Author: Tan, Zhaoli; Gao, Lihua; Wang, Yan; Yin, Huihui; Xi, Yongyi; Wu, Xiaojie; Shao, Yong; Qiu, Weiyi; Du, Peng; Shen, Wenlong; Fu, Ling; Jia, Ru; Zhao, Chuanhua; Zhang, Yun; Zhao, Zhihu; Sun, Zhiwei; Chen, Hongxing; Hu, Xianwen; Xu, Jianming; Wang, Youliang
Title: PRSS contributes to cetuximab resistance in colorectal cancer Document date: 2020_1_1
ID: tymoeyoo_7
Snippet: To investigate the impact of PRSS1, PRSS2, and PRSS3 on cetuximab efficacy, we compared the expression data of the following six colon cancer cell lines: DiFi, LoVo, Caco-2, HT-29, HCT-8, and SW480. These cell lines all express EGFR (fig. S1A), and cetuximab inhibits their proliferation and survival to varying degrees (fig. S1B). Consistent with previous findings (17, 25) , a cell growth assay showed that DiFi cells were cetuximab sensitive, LoVo.....

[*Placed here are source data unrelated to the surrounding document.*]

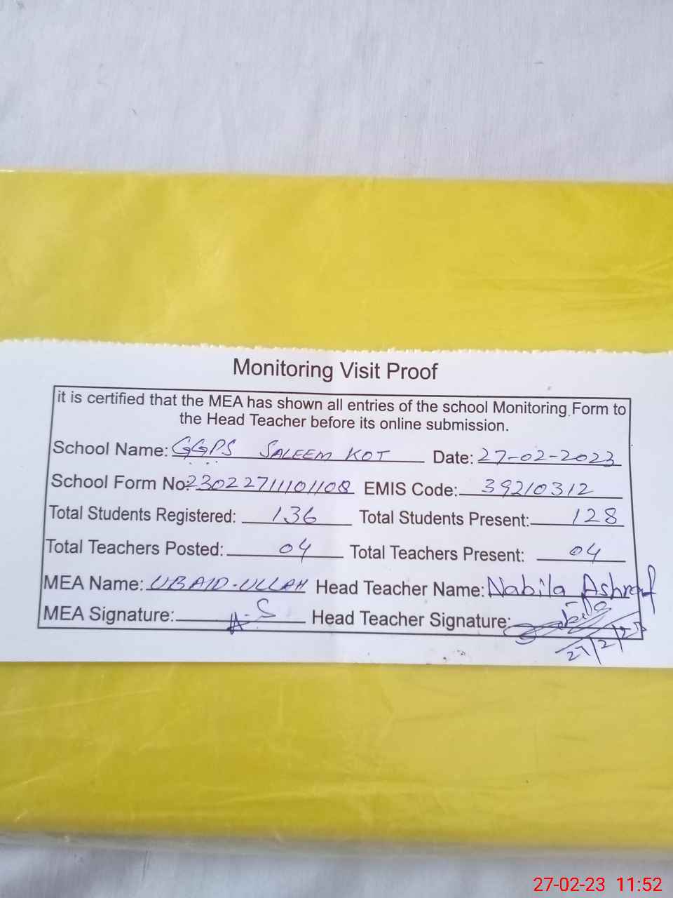 | EMIS Code: 39210312 | Name of School: GGPS SALEEM KOT | |||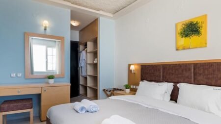 Terwijl je aan de ontbijttafel zit is de kans heel reëel dat je je ogen niet kunt afhouden van de zee, zeker niet met al die zonnige glinsteringen in het water. Hotel Crystal Beach heeft dan ook een perfecte ligging, want het ligt namelijk direct aan het strand! Binnen enkele stappen sta je al heerlijk met je blote voeten in het warme zand. Je moet wel goed kijken waar je je handdoek neerlegt, want er is een kans dat je kleine schildpadjes ziet. Na een paar uurtjes op het strand is het heerlijk om nog even een frisse duik in het zwembad te nemen. Weer helemaal fris kun je erna ook eenvoudig richting het centrum. Kalamaki is een klein dorpje met genoeg restaurantjes en winkeltjes en zelfs een supermarkt. De bus stopt trouwens bijna voor de deur, een goede gelegenheid om eens naar Laganas of Zakynthos-Stad te gaan.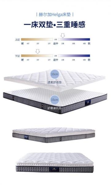 不同于传统床垫的单一功能,Helga赫尔加魔法组合垫一床双垫,可拆卸设计,上层-透氧舒适垫:软硬适中(高度10cm),下层护脊承托垫:硬质护脊(高度15cm),软硬随心,全场景适用,SPA瑜伽、亲子游戏、榻榻米、上下床、高箱床、公寓宿舍、亲密地铺......随搭多用,无限舒享,焕新不一样的梦境。细节上更有边角防撞系统,全新全意,安全呵护。

Document: To investigate the impact of PRSS1, PRSS2, and PRSS3 on cetuximab efficacy, we compared the expression data of the following six colon cancer cell lines: DiFi, LoVo, Caco-2, HT-29, HCT-8, and SW480. These cell lines all express EGFR (fig. S1A), and cetuximab inhibits their proliferation and survival to varying degrees (fig. S1B). Consistent with previous findings (17, 25) , a cell growth assay showed that DiFi cells were cetuximab sensitive, LoVo and Caco-2 cells were moderately cetuximab sensitive, and HT-29 cells were cetuximab resistant. We examined PRSS1, PRSS2, and PRSS3 mRNA expression in the cell lines. Reverse transcription PCR showed that PRSS1 was significantly more highly expressed in the cetuximab-resistant cell lines than in the cetuximab-sensitive cell lines (Fig. 1B) ; PRSS2 and PRSS3 expression levels showed almost no differences between the cetuximab-resistant and cetuximab-sensitive cell lines. Next, we assessed the expression of PRSS1, an extracellular secreted protein, in the cell lines. As anticipated, PRSS1 was significantly more highly expressed in the cetuximab-resistant cell lines than in the cetuximab-sensitive cell lines (Fig. 1 , B to D), which was confirmed at the mRNA level by quantitative PCR (qPCR) (Fig. 1C) and at the protein level by immunoblotting (Fig. 1B) and by enzymelinked immunosorbent assay (ELISA) using an anti-PRSS1 antibody ( Fig. 1D) . Furthermore, immunohistochemical (IHC) analysis showed that PRSS1 expression in tumor samples from cetuximab-resistant patients with mCRC was higher than that in samples from cetuximabsensitive patients with mCRC (Fig. 1E) . These results suggest that PRSS1 and cetuximab resistance are related.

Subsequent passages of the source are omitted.